In little more than four years, Florez has succeeded in breaking free from financial dependency on seasonal crops by starting his own business - Florez Auto Detailing and Stereo Sounds, at 107 N. Seventh Street in Dade City.
"I always knew what I had in my head," Florez says between countless interruptions from his three full-time employees and numerous clients on a busy Friday afternoon. "I had a nursery, a carpet-cleaning business... and this is what it all led up to."
He founded the business on high hopes and small change - less than $3,000.
"One day I told my wife, 'You know, I'm going to open me up a detail shop," he says. "I told her, 'If you don't let me, I'm just not going to work anymore. I'm going to let you work the rest of your life, I ain't working for nothing."
Florez's business is similar to others in Pasco County. Small businesses - that is, those with less than 500 employees under the federal government's definition - are the backbone of the county's economy. There are an estimated 4,200 small businesses in Pasco.
A native of Grandfield, Oklahoma, a small Texas border town nestled some 45 miles southwest of Oklahoma City, Florez and his 12-member family had been following fruit and vegetable harvests cross-country for several years when they first set foot in Pasco County in 1969.
"We harvested beets in Montana, went to Michigan and did some cherries, went to Ohio and did tomatoes, and then back to Michigan for apples," he says. "We were migrants. We came here to pick oranges."
Returning to the Dade City area season after season, it was not until 1977 that Florez, his wife, Tammy, and daughter Anna finally decided to stay put and raise a family.
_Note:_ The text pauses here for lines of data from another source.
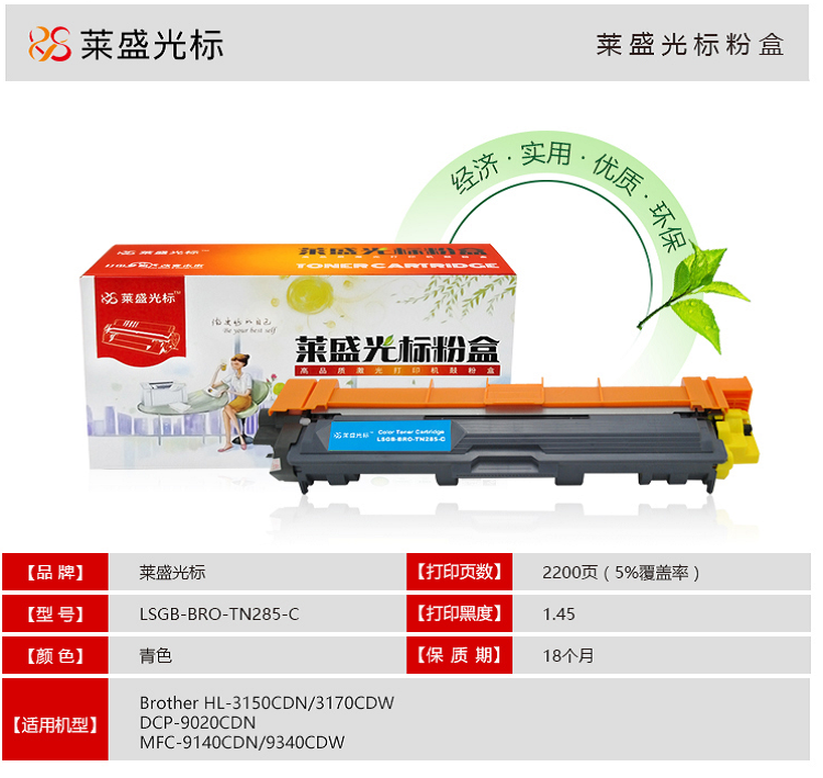 萊盛光標(biāo) LSGB-BRO-TN285-C 青色粉盒 適用:Brother HL-3150CDN/3170CDW 單位:支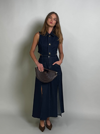 The Multi Button Denim Dress combines classic denim with modern design, featuring a sophisticated multi-button front for adjustable style and fit. This dress offers a polished silhouette that transitions seamlessly from day to evening, blending comfort and elegance effortlessly.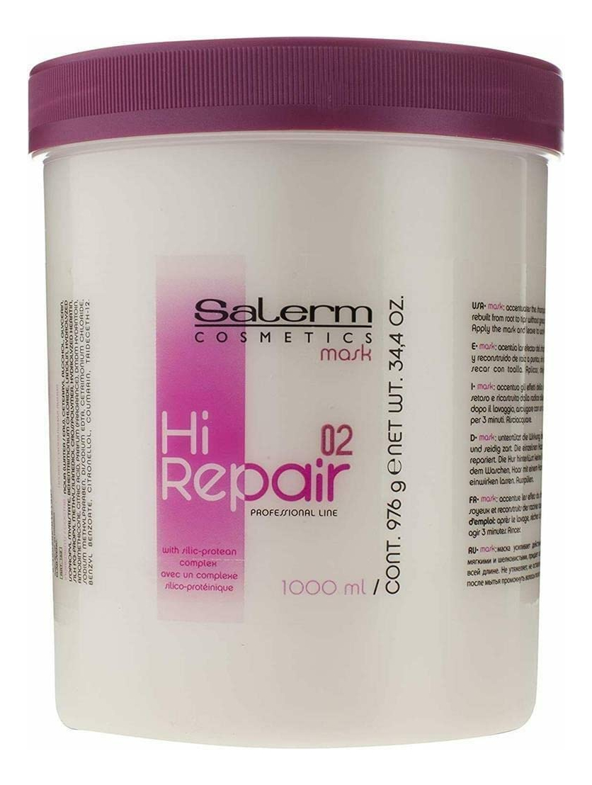 Máscara Salerm Hi Repair com complexo de proteína de sílica 02, 34,4 onças – Salerm Hi repair Mask 02 é uma máscara reconstrutiva de ação imediata que acentua os efeitos do shampoo Hi Repair – Sua fórmula sequencial do sistema de tratamento capilar é capaz de devolver as constantes corretas aos cabelos desidratados, com deficiências de água, defeitos na estrutura interna do córtex e falta de nutrientes – O cabelo é reconstruído da raiz às pontas, deixando sem resíduos oleosos – A máscara Hi Repair repara a cutícula do cabelo graças aos seus componentes hidratantes e reparadores – Como usar: Depois lave, seque o cabelo com uma toalha e aplique a máscara Hi Repair; deixe agir por 3 minutos

"We found that it was a nice place to live. There were people here from all over Texas, Puerto Rico, Venezuela and South America. The atmosphere was great."
Despite the area's well-founded reputation as a booming agricultural community, Florez was disheartened to find there was not always enough crop work to go around. He eventually was forced to begin working odd jobs.
"I worked at a store setting stock. I helped ranchers put up fences, pruned trees, picked strawberries, drove a truck - anything. I worked for Lykes Pasco off and on for four years. [When] there was an overflow of tar at the Tampa shipyards, we had to cut it with an ax and move it out. I had a bad time for a while there."
Unable to makes ends meet, Florez turned in desperation to the local Farmworker's Self-Help organization and its director, Margarita Romo, for assistance.
"Margarita helped me out to pay an electric bill," Florez recalls. "She doesn't even have a place of her own to live, yet she's helped people to buy their own homes. I never have forgotten that. I've been paying back to the community ever since."
Such efforts have included the donation of his carpet-cleaning skills for the beautification of St. Rita's Catholic Church, of which he is a member, assisting athletes and coaches of the local Police Athletic League's acclaimed boxing program, and providing financial assistance to Farmworker's Self-Help for the transport of relief supplies to the south Florida victims of Hurricane Andrew.
Having experienced firsthand the many obstacles his fellow laborers regularly face, Florez remains determined to help the area's poor, unskilled and disenfranchised in their fight for economic and social stability.